The 140 written pages of BL Add. MS 36529 (hereafter B) each measure 190 by 290 mm, and form a characteristic collection made by John Harington of Stepney and his son Sir John Harington of Kelston. The paper, with a watermark of a pot with a handle and trefoil, is similar to Briquet 12672, supporting the supposed date of the transcription outlined below.1 The collection includes a translation of one of Ovid’s epistles by Sir Thomas Chaloner, a unique transcription of many poems by Sir Thomas Wyatt, an important manuscript of 27 of the Earl of Surrey’s poems, as well as a pre-1555 manuscript version of Thomas Phaer’s translation of the first three books of the Aeneid. In the middle of all these poems, on fols 69v-78r, in a quite different hand, is one of the two extant versions of this poem.2 The fact that it is in this collection, a close companion manuscript to the Arundel Harington manuscript and British Library Egerton MS 2711, all primarily collections of John Harington of Stepney, suggests that the Campion poem was transcribed soon after composition in 1567-69. The seventeen pages consist of a single-page dedication and, on the other sixteen pages, a Latin hexameter poem by Edmund Campion beginning with a scribal title, nascentis ecclesiae generatio prim a :

Heroicis virtutibus ornatissimo viro D. Anthonio Browneo Vicecomiti montis acuti, Edmundus Campianus Oxon. aeternam et veram felicitatem praecatur: [For Anthony Brown, Viscount Montague, a man supremely endowed with heroic virtues: Edmund Campion of Oxford prays that he may enjoy eternal and true happiness.] (fol. 70r)

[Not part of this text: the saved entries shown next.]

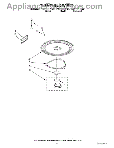 *** Note: This glass tray has 3 partial-circles to engage the coupler. In some cases, the factory used a tray that has 3 triangles. For that glass tray use part# W11367904. ***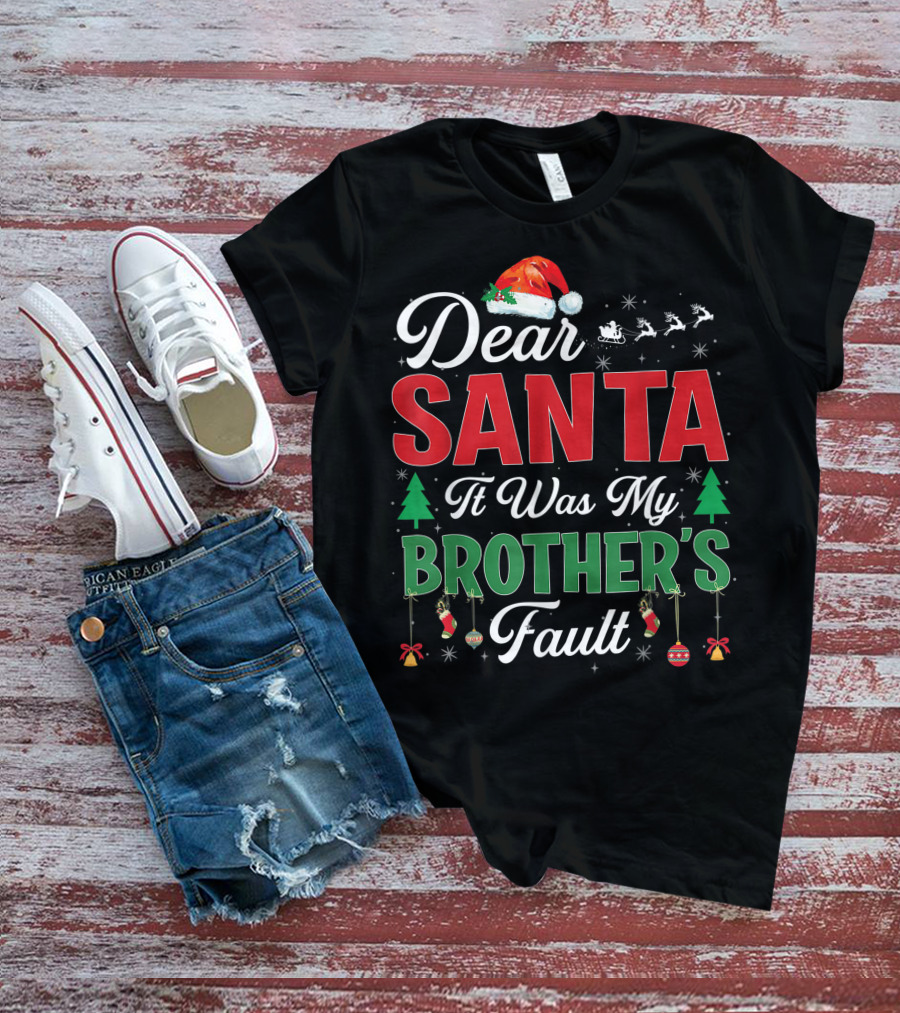 Dear Santa It Was My Brother's Fault Santa Hat Christmas Trees Sleigh Reindeer Ornaments T-Shirt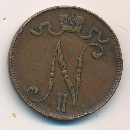 Лицевая сторона — вензель Александра II, оборотная — номинал (5 PENNIA) и дата. Нормативный вес — 6,40 грамма, гурт гладкий.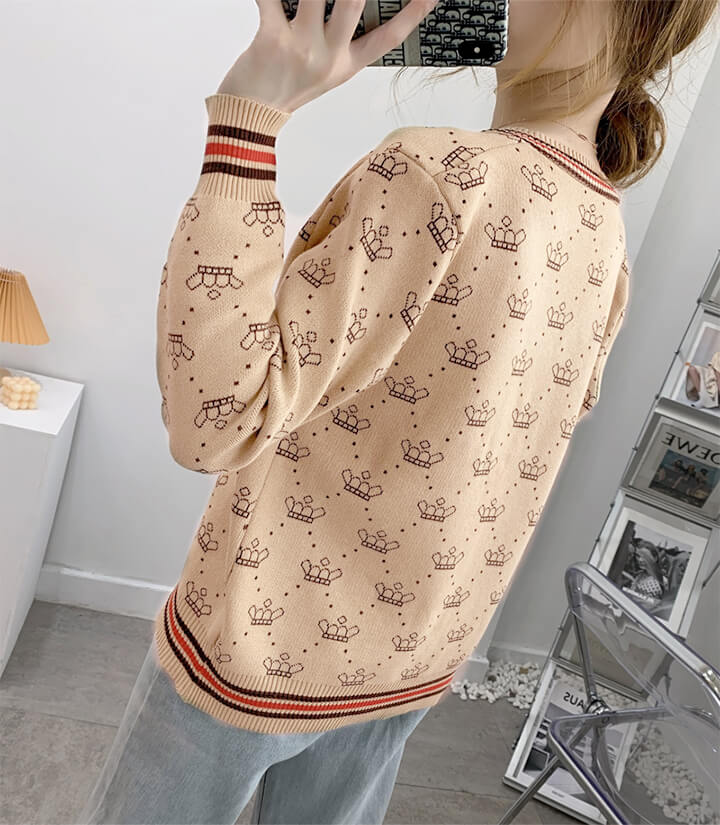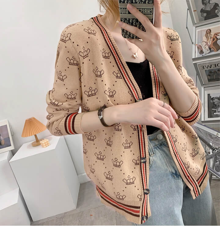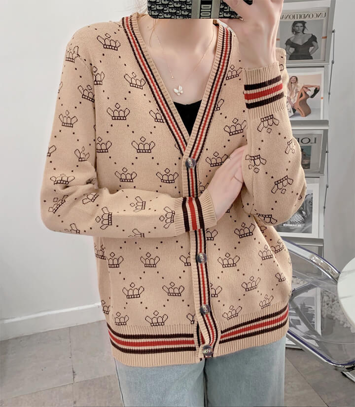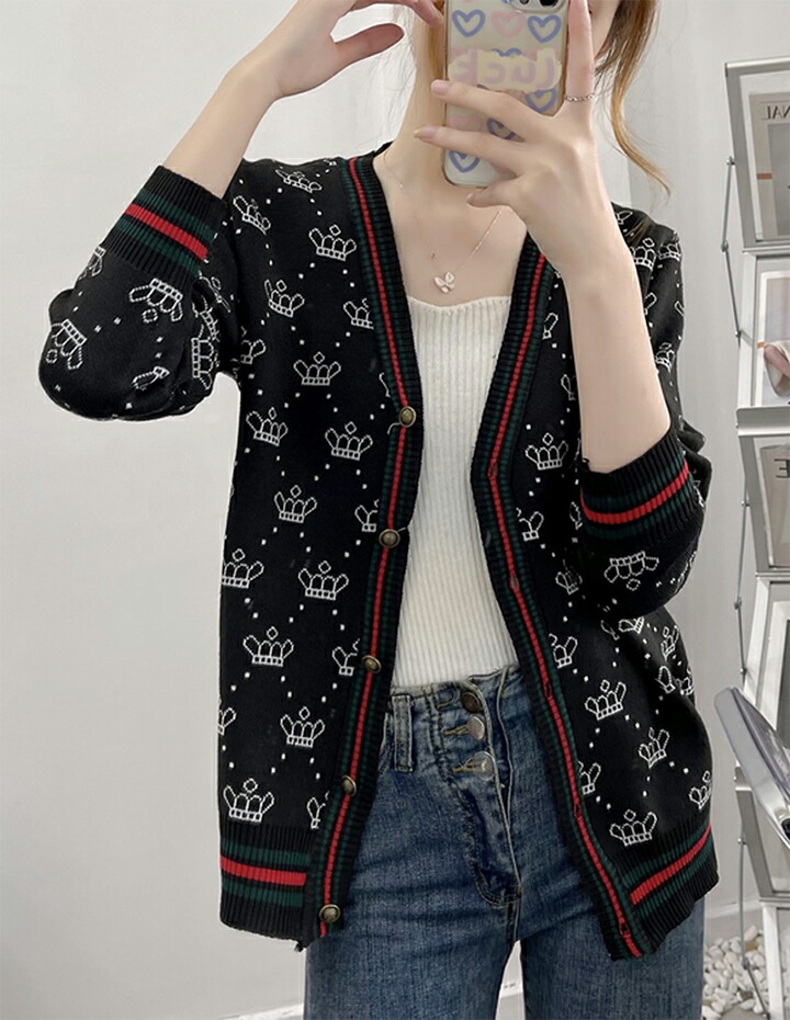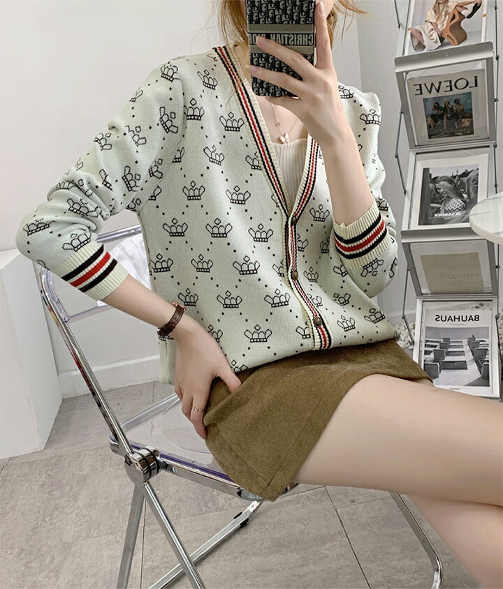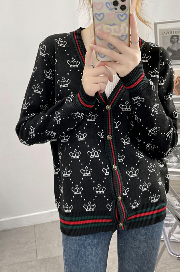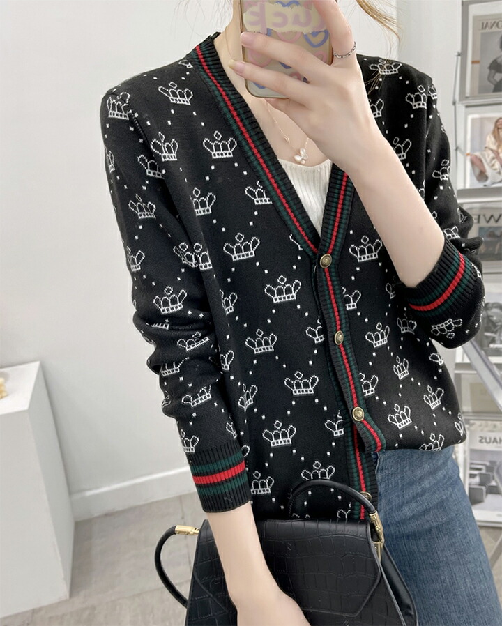 3B25 クラウン柄 ニットカーディガ トップス カーディガン ボレロ 新作 アイボリー ブラウン レッド ブラック

There are sixty lines on each of the seventeen pages, written in a neat secretary hand with italics for emphasis in key apostrophes or proper names and many detailed marginal glosses giving the biblical and historical references. The scribe of B appears to have written the text at a single session, because he has become very tired by the last four pages: the handwriting becomes less regular; there are many mistakes and corrections and the lines are less horizontal. The last page, for example, fol. 78r, contains five corrections in thirty-nine lines. That the scribe has had particular problems with the minims places it in close relation with Holkham MS 437, where there are many corrections of i, m, n and u.